La giornata tipo era: sveglia alle sette con la musica “a palla” che metteva il nostro educatore Pietro (il primo giorno dallo spavento caddi anche dal letto a castello, meno male che sotto c’era il letto di Gennaro che ammortizzò  il colpo,  però finii addosso a lui). Una volta svegliati, lavati e pronti, alle otto lodi mattutine fino le nove, poi  tempo per fare i compiti per chi studiava  ancora, mentre gli altri giocavano nel parco della villa. A mezzogiorno il Don ci aveva diviso in tre squadre: ogni squadra aveva i suoi compiti, a rotazione si preparava la tavola, si serviva al tavolo, si  sparecchiava e si puliva. Naturalmente  vi era un punteggio, io e Vittorio chiaramente eravamo nella squadra più casinista del gruppo. Il pomeriggio c’era la  preghiera pomeridiana, il gioco insieme e alle quattro si andava tutti in centro a mangiare il  gelato, poi tempo libero fino le sei e mezza  dove, si rientrava e si facevano i vesperi. Finito ciò le squadre preparavano per la cena. Una volta finita la cena, la serata era libera; andavamo in centro dividendoci nei bar e in sala giochi per poi rientrare alle undici per  la  preghiera, poi tutti a letto.  Questa era la   giornata tipo!
Anche in vacanza naturalmente, c’erano i primi inciuci, i primi amori estivi; io corteggiavo Viviana una bellissima ragazza bionda, occhi chiari, fisico mozzafiato, niente male. Ma nello stesso tempo, mi venivano dietro altre due ragazze di nome Bruna e Stefania; erano gelosissime l’una dell’altra, gli sguardi che si lanciavano erano di fuoco e io mi divertivo a vedere tre ragazze che mi contendevano. Alla fine mi ero deciso, avevo  scelto di mettermi  insieme a  Viviana, ma lei  si era stancata di questa  situazione e aveva baciato un altro ragazzo, Alfio, così io ci rimasi male e alla fine non mi misi insieme a nessuna delle tre.
Un episodio che ricordo bene, e che fece arrabbiare tantissimo il Don fu che come ogni volta ci eravamo divisi in gruppo, uno di questi andò in un bar e alle undici tornò a casa;  l’altro gruppo andò  in una piccola discoteca, ovviamente io e i più casinisti facevamo parte di questo gruppo.
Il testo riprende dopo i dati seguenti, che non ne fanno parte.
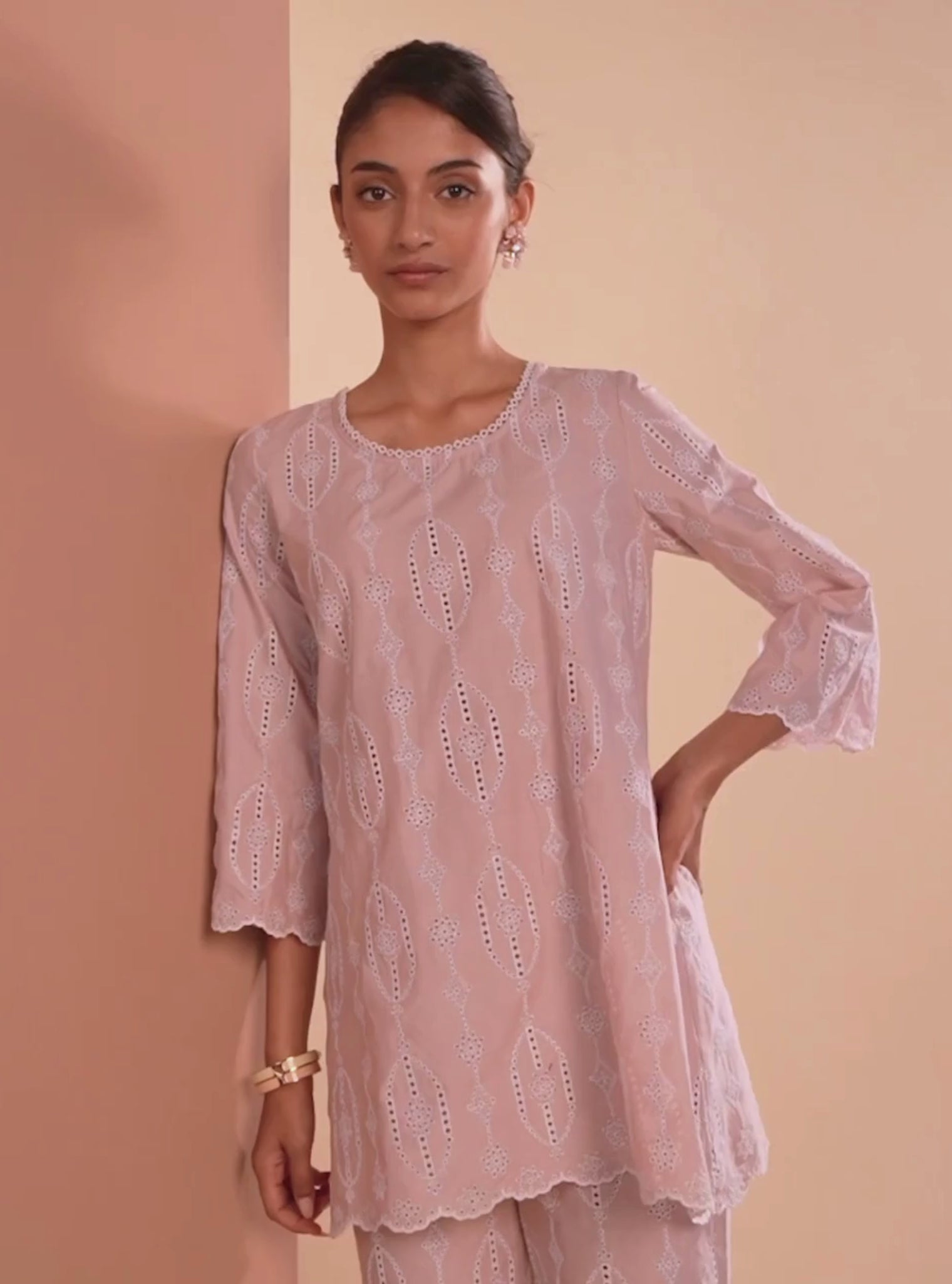 Effortlessly Chic, This Delicate Pink Co-Ord Set Is A Versatile Addition To Your Summer Wardrobe. Adorned With Contrasting White Thread Line Embroidery All Over, It Features Lace Detailing Around The Neckline And Scalloped Sleeves And Hem. Whether You'Re Heading To The Office Or Enjoying A Leisurely Brunch With Friends, This Versatile Ensemble Effortlessly Transitions To Suit Any Occasion. With Its Timeless Elegance And Adaptability, This Co-Ord Set Promises To Be A Staple In Your Wardrobe Rotation.

Ci dimenticammo di guardare l’orologio, tornando  a casa a mezzanotte. Il Don, con il resto del gruppo era nel salone che ci aspettava per la preghiera, noi cercammo subito una scusa da raccontagli  ma appena entrammo lui ci fulminò con lo sguardo e ci disse: “Adesso sedetevi in silenzio e il primo che fiata stasera dorme con me, finita la preghiera a letto e non voglio sentire fiatare nessuno!” Si, perché noi la sera facevamo sempre macello e non dormivamo prima dell’una.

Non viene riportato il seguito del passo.